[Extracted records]
++++++++++

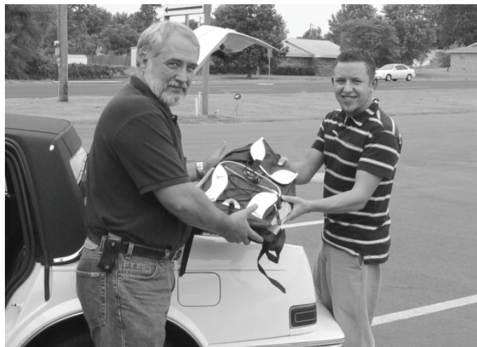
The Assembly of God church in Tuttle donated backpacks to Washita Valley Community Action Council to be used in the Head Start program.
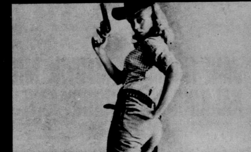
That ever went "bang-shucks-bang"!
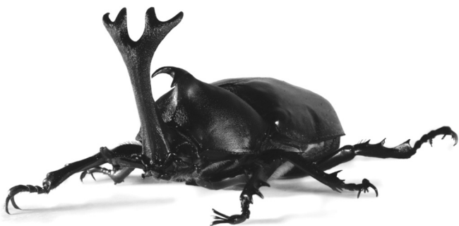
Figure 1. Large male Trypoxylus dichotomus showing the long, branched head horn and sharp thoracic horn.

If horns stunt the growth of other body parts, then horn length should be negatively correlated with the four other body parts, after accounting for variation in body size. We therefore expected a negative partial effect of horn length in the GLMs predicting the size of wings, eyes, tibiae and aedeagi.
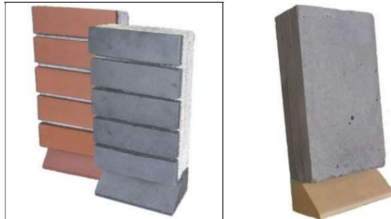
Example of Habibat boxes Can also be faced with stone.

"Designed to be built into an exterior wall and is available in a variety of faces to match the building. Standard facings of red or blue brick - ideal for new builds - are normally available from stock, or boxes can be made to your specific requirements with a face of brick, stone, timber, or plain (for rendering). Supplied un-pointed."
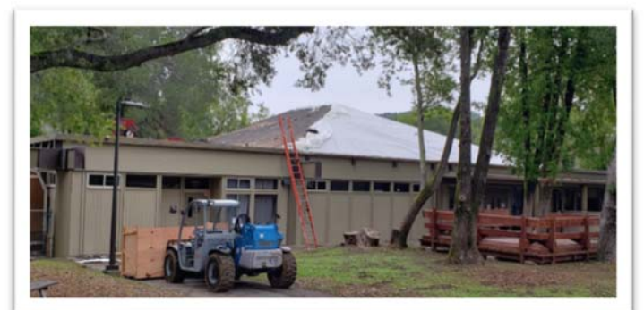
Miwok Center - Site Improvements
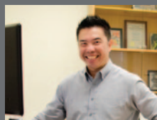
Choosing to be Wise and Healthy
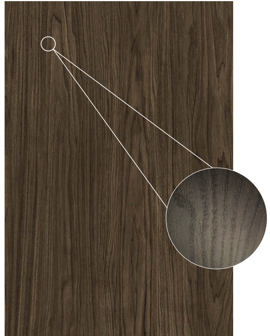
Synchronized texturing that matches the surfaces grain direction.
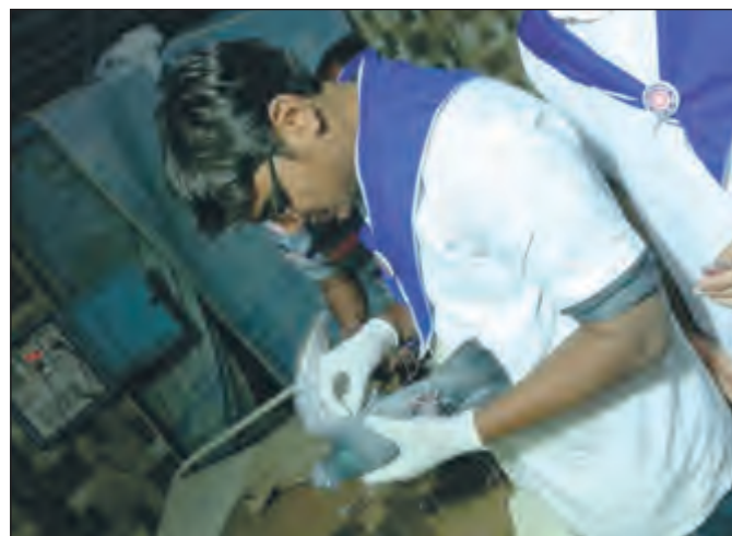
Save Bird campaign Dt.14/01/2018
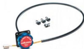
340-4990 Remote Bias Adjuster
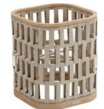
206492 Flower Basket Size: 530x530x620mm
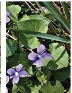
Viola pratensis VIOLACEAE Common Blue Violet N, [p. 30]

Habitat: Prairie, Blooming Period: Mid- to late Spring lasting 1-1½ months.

++++++++++

• WORK INSTRUCTION: What lines in the records above include the string "horn"? Copy each one.

• RESULT:
Figure 1. Large male Trypoxylus dichotomus showing the long, branched head horn and sharp thoracic horn.
If horns stunt the growth of other body parts, then horn length should be negatively correlated with the four other body parts, after accounting for variation in body size. We therefore expected a negative partial effect of horn length in the GLMs predicting the size of wings, eyes, tibiae and aedeagi.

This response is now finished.